PROBLEM TO SOLVE:
Only the text of the records belongs in the answer, copied exactly, with every picture omitted.

==== DATA SECTION

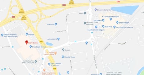 En raison de la forte proximité géographique entre l’hypermarché racheté [voir illustration], qui passera sous enseigne E. Leclerc, et un hypermarché déjà exploité sous enseigne E. Leclerc par le même adhérent, tous les deux situés à Saint-Grégoire (35), en périphérie de Rennes, l’Autorité a mené, en complément de son analyse locale traditionnelle des effets d’une concentration dans le secteur du commerce de détail, un examen spécifique par l’intermédiaire d’un test de marché (consultation) réalisé auprès des magasins (supermarchés, hypermarchés) implantés dans et à proximité de Rennes (35). »
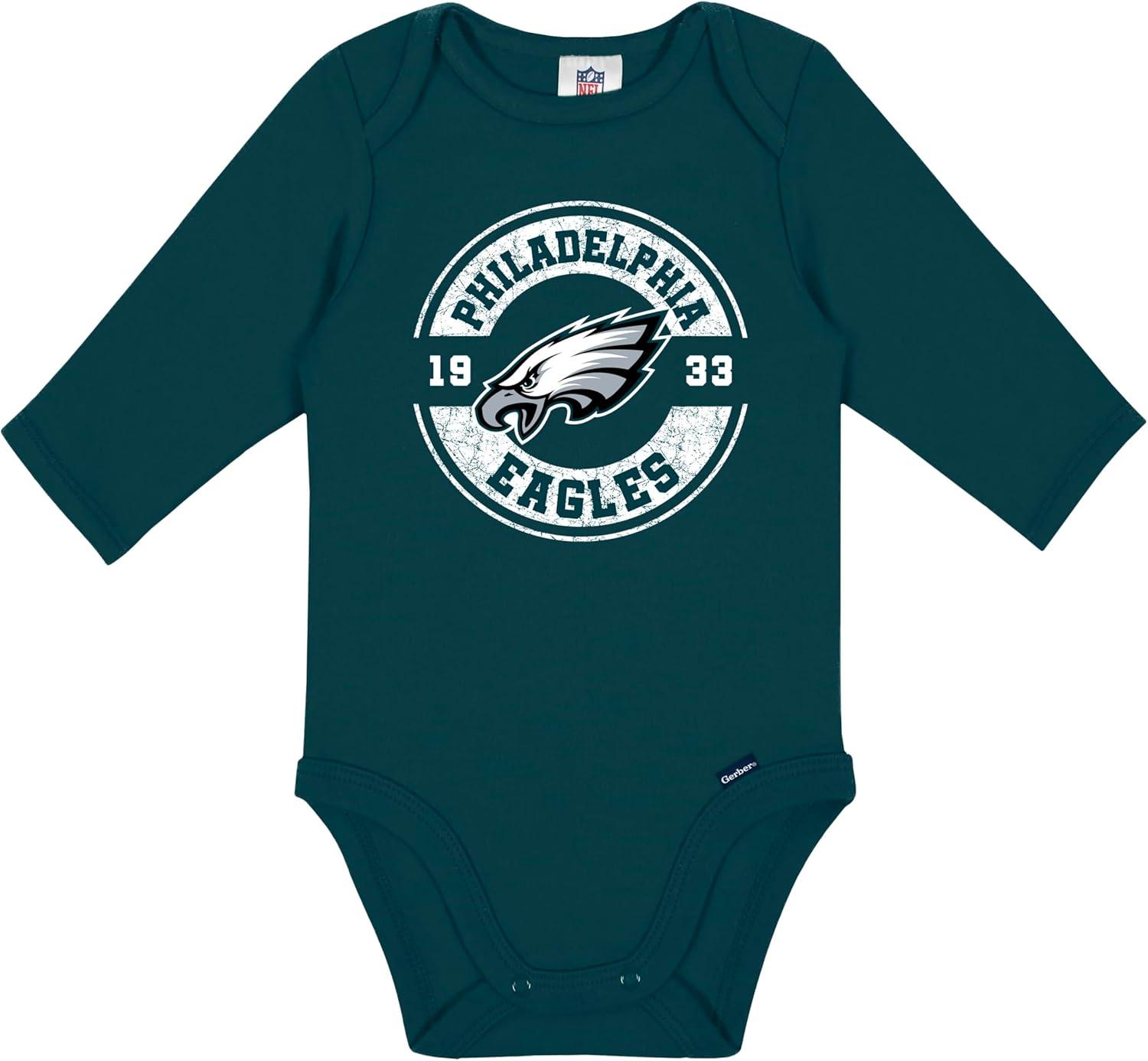 Gerber NFL unisex-baby Nfl 2-pack Long Sleeve Onesie Bodysuit(Eagles)
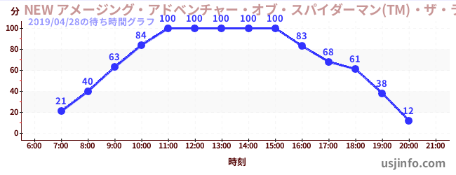 • NEW アメージング・アドベンチャー・オブ・スパイダーマン(TM)・ザ・ライド 4K3D$B$N(B2019年04月28日の待ち時間
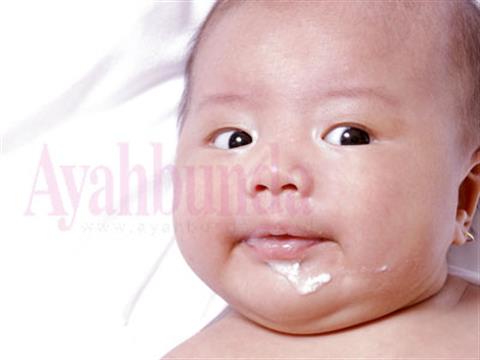 GUMOH. Setelah disusui, dari mulut bayi biasanya akan keluar ASI yang sudah ditelan kurang dari 10 ml. Inilah yang disebut gumoh. Cairan ini dikeluarkan dengan cara mengalir dari mulut bayi, tanpa disertai kontraksi otot dinding perut. Gumoh merupakan proses alami untuk mengeluarkan udara yang tertelan saat bayi minum ASI. Umumnya terjadi pada bayi yang baru berumur beberapa minggu sampai beberapa bulan, dan akan hilang dengan sendirinya sejalan dengan bertambahnya umur bayi.
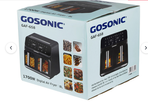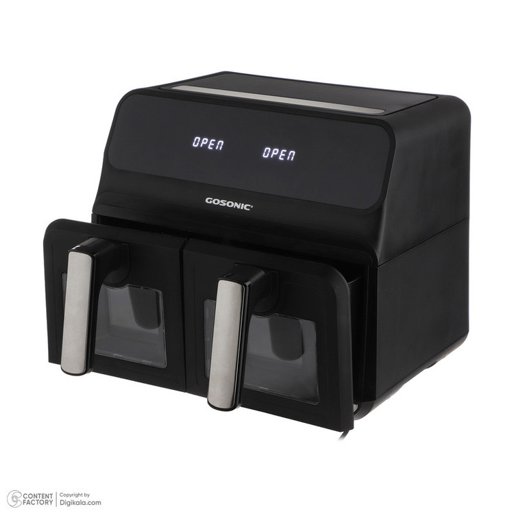 سرخ کن گوسونیک مدل GAF-658 یکی دیگر از دستگاههای بینظیر گوسونیک است که با قابلیت پخت انواع غذاها به بازار عرضه شده است. این سرخ کن دارای توان ۱۷۰۰ وات بوده و قادر است غذاهای شما را در کوتاه ترین زمان آماده گرداند. این دستگاه به دو محفظه مجهز شده است که به صورت کاملا مجزا هستند از هم فعالیت کرده و در پخت همزمان دو غذای جداگانه شما را یاری میدهند. این سرخ کن بدون روغن از گوسونیک دارای یک پنل کنترلی کاملا لمسی میباشد که به کمک آن میتوانید به تنظیمات دستگاه دسترسی پیدا کنید و تنها با یک لمس غذای مورد علاقهی خود را آماده کنید. همچنین به کمک سیستم تایمر، غذاها را داخل دستگاه بگذارید و به کارهای دیگر رسیدگی نمایید. این دستگاه مجهز به ۱۰ برنامهی پخت از پیش تعیین شده است و به کمک آن میتوانید غذاهایی مانند؛ سیب زمینی، مرغ، استیک، میگو، کیک، ماهی، پیتزا، سبزیجات، میوه خشک کن و ... را در یک چشم به هم زدم آماده نمایید.
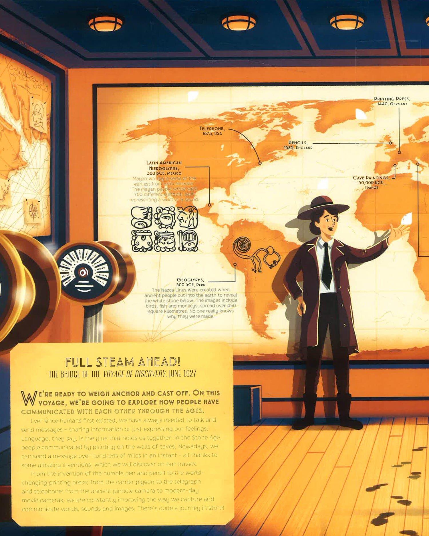 Welcome on deck of the Voyage of the Discovery! The year is 1927. Travelling on board with us is an illustrious collection of some of the greatest minds of their generation. From the fields of science, engineering, geography and history, our experts have come together to explain some of history's greatest inventions to improve communication, including the printing press, radio, telephones and television. But there's a conundrum afoot and they need YOU to help them. Can you decipher the puzzles to solve the mystery of the missing movie? The stylish Art-Deco-inspired pages of this lavish volume are strewn with novelty ephemera, from postcards and tickets to booklets, code ciphers and maps, which bring to life the mystery as you solve the puzzles to continue your whistle-stop tour around the world. Full steam ahead for the interactive adventure of a lifetime!
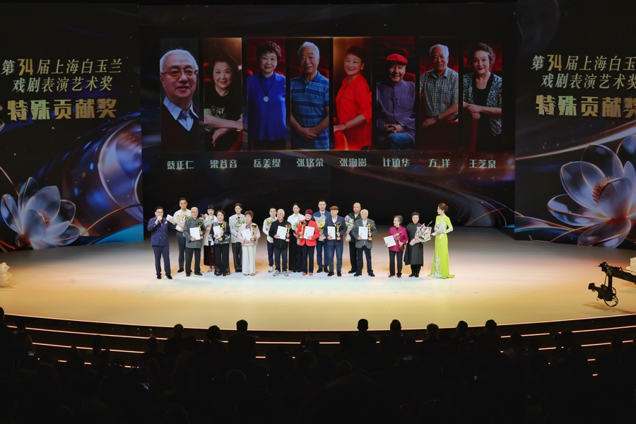 本届白玉兰戏剧奖特殊贡献奖授予上海昆剧团“昆大班”的王芝泉、方洋、计镇华、张洵澎、张铭荣、岳美缇、梁谷音、蔡正仁(按姓氏笔画排序)。当他们走上舞台,全场观众起立鼓掌。
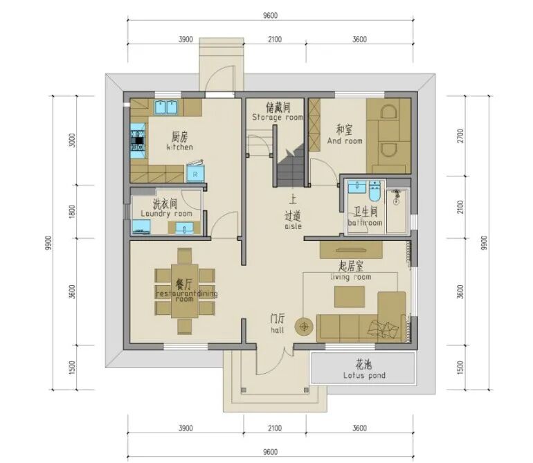 一层设有:门厅、客厅、餐厅、厨房、洗衣间、储藏室、卫生间、和室
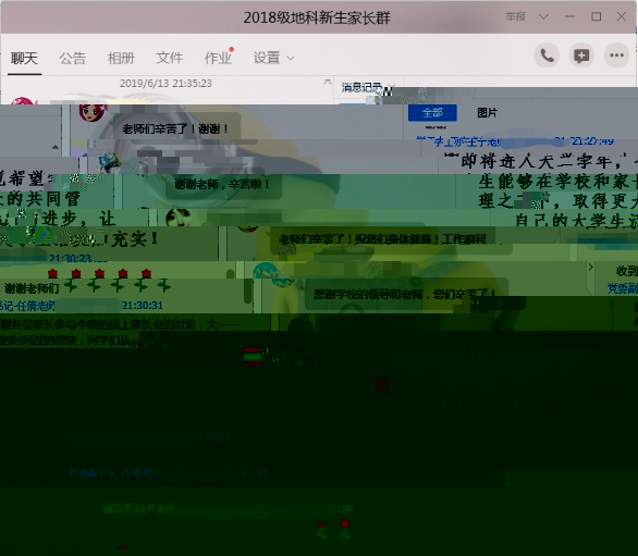 6月13日晚8點,我院在“2018級地科新生家長群”中召開了主題為“誠信應考,平安一夏”2018級本科生第三次線上家長會,學院黨委副書記任倩、輔導員潘志遠、張嚴以及學生家長共計140餘人參與了讨論,家長會由年級輔導員王甯主持。
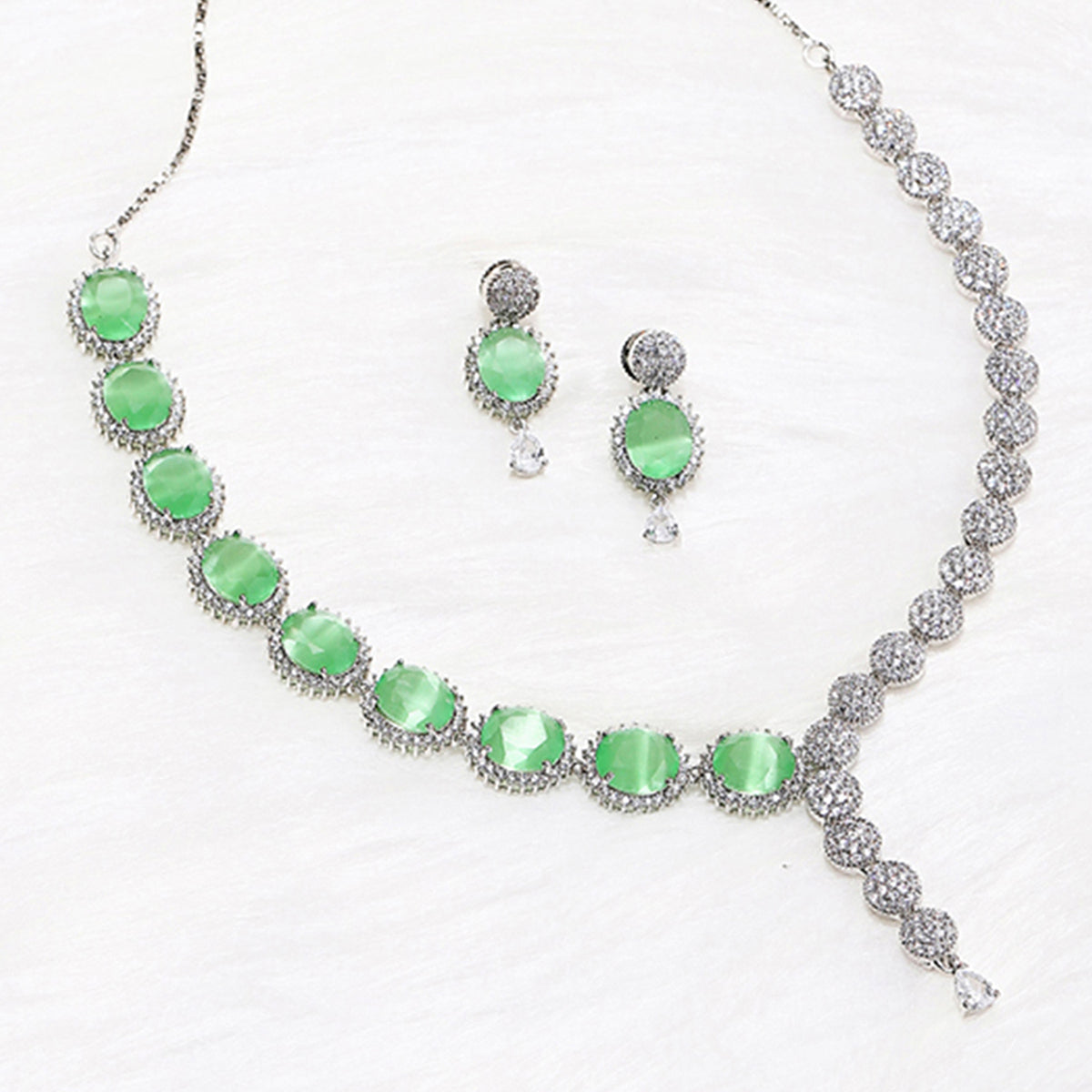 Sparkling Elegance Celestial Charm Emerald American Diamond Necklace Set
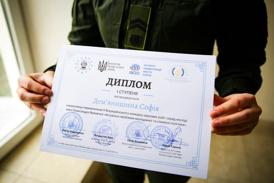 Софія Дем’янішина писала роботу під науковим менторством начальниці кафедри правових дисциплін полковника Оксани Орел, Юлія Русецька працювала разом зі старшим викладачем кафедри психології та педагогіки підполковником Андрієм Пащенко.

========

RESULT:
 En raison de la forte proximité géographique entre l’hypermarché racheté [voir illustration], qui passera sous enseigne E. Leclerc, et un hypermarché déjà exploité sous enseigne E. Leclerc par le même adhérent, tous les deux situés à Saint-Grégoire (35), en périphérie de Rennes, l’Autorité a mené, en complément de son analyse locale traditionnelle des effets d’une concentration dans le secteur du commerce de détail, un examen spécifique par l’intermédiaire d’un test de marché (consultation) réalisé auprès des magasins (supermarchés, hypermarchés) implantés dans et à proximité de Rennes (35). »
 Gerber NFL unisex-baby Nfl 2-pack Long Sleeve Onesie Bodysuit(Eagles)
 • NEW アメージング・アドベンチャー・オブ・スパイダーマン(TM)・ザ・ライド 4K3D$B$N(B2019年04月28日の待ち時間
 GUMOH. Setelah disusui, dari mulut bayi biasanya akan keluar ASI yang sudah ditelan kurang dari 10 ml. Inilah yang disebut gumoh. Cairan ini dikeluarkan dengan cara mengalir dari mulut bayi, tanpa disertai kontraksi otot dinding perut. Gumoh merupakan proses alami untuk mengeluarkan udara yang tertelan saat bayi minum ASI. Umumnya terjadi pada bayi yang baru berumur beberapa minggu sampai beberapa bulan, dan akan hilang dengan sendirinya sejalan dengan bertambahnya umur bayi.
 سرخ کن گوسونیک مدل GAF-658 یکی دیگر از دستگاههای بینظیر گوسونیک است که با قابلیت پخت انواع غذاها به بازار عرضه شده است. این سرخ کن دارای توان ۱۷۰۰ وات بوده و قادر است غذاهای شما را در کوتاه ترین زمان آماده گرداند. این دستگاه به دو محفظه مجهز شده است که به صورت کاملا مجزا هستند از هم فعالیت کرده و در پخت همزمان دو غذای جداگانه شما را یاری میدهند. این سرخ کن بدون روغن از گوسونیک دارای یک پنل کنترلی کاملا لمسی میباشد که به کمک آن میتوانید به تنظیمات دستگاه دسترسی پیدا کنید و تنها با یک لمس غذای مورد علاقهی خود را آماده کنید. همچنین به کمک سیستم تایمر، غذاها را داخل دستگاه بگذارید و به کارهای دیگر رسیدگی نمایید. این دستگاه مجهز به ۱۰ برنامهی پخت از پیش تعیین شده است و به کمک آن میتوانید غذاهایی مانند؛ سیب زمینی، مرغ، استیک، میگو، کیک، ماهی، پیتزا، سبزیجات، میوه خشک کن و ... را در یک چشم به هم زدم آماده نمایید.
 Welcome on deck of the Voyage of the Discovery! The year is 1927. Travelling on board with us is an illustrious collection of some of the greatest minds of their generation. From the fields of science, engineering, geography and history, our experts have come together to explain some of history's greatest inventions to improve communication, including the printing press, radio, telephones and television. But there's a conundrum afoot and they need YOU to help them. Can you decipher the puzzles to solve the mystery of the missing movie? The stylish Art-Deco-inspired pages of this lavish volume are strewn with novelty ephemera, from postcards and tickets to booklets, code ciphers and maps, which bring to life the mystery as you solve the puzzles to continue your whistle-stop tour around the world. Full steam ahead for the interactive adventure of a lifetime!
 本届白玉兰戏剧奖特殊贡献奖授予上海昆剧团“昆大班”的王芝泉、方洋、计镇华、张洵澎、张铭荣、岳美缇、梁谷音、蔡正仁(按姓氏笔画排序)。当他们走上舞台,全场观众起立鼓掌。
 一层设有:门厅、客厅、餐厅、厨房、洗衣间、储藏室、卫生间、和室
 6月13日晚8點,我院在“2018級地科新生家長群”中召開了主題為“誠信應考,平安一夏”2018級本科生第三次線上家長會,學院黨委副書記任倩、輔導員潘志遠、張嚴以及學生家長共計140餘人參與了讨論,家長會由年級輔導員王甯主持。
 Sparkling Elegance Celestial Charm Emerald American Diamond Necklace Set
 Софія Дем’янішина писала роботу під науковим менторством начальниці кафедри правових дисциплін полковника Оксани Орел, Юлія Русецька працювала разом зі старшим викладачем кафедри психології та педагогіки підполковником Андрієм Пащенко.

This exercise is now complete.